*The problem*
An exact copy of all the data is needed, with every picture left out.

*Supplied material*
....

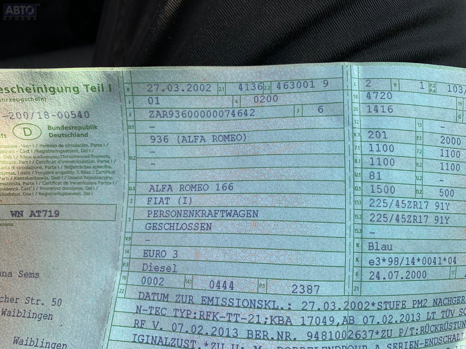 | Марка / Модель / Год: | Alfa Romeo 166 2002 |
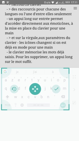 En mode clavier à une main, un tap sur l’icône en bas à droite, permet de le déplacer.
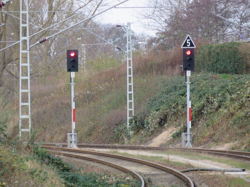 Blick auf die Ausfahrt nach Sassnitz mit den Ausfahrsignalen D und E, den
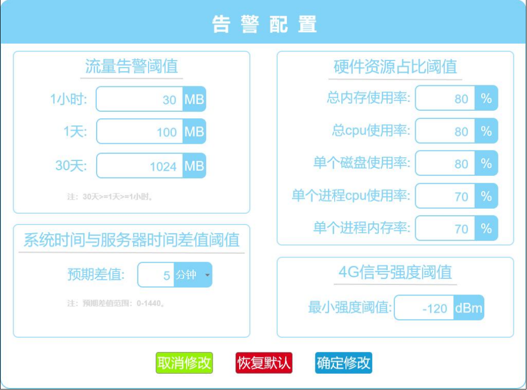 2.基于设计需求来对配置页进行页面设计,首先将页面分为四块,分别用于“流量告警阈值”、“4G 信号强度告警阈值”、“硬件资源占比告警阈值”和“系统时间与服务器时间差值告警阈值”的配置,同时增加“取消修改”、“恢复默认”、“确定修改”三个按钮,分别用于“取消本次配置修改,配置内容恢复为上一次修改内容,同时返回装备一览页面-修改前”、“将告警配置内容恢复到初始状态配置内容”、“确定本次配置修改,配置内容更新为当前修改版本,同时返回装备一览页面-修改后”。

....

*Expected answer*
 | Марка / Модель / Год: | Alfa Romeo 166 2002 |
 En mode clavier à une main, un tap sur l’icône en bas à droite, permet de le déplacer.
 Blick auf die Ausfahrt nach Sassnitz mit den Ausfahrsignalen D und E, den
 2.基于设计需求来对配置页进行页面设计,首先将页面分为四块,分别用于“流量告警阈值”、“4G 信号强度告警阈值”、“硬件资源占比告警阈值”和“系统时间与服务器时间差值告警阈值”的配置,同时增加“取消修改”、“恢复默认”、“确定修改”三个按钮,分别用于“取消本次配置修改,配置内容恢复为上一次修改内容,同时返回装备一览页面-修改前”、“将告警配置内容恢复到初始状态配置内容”、“确定本次配置修改,配置内容更新为当前修改版本,同时返回装备一览页面-修改后”。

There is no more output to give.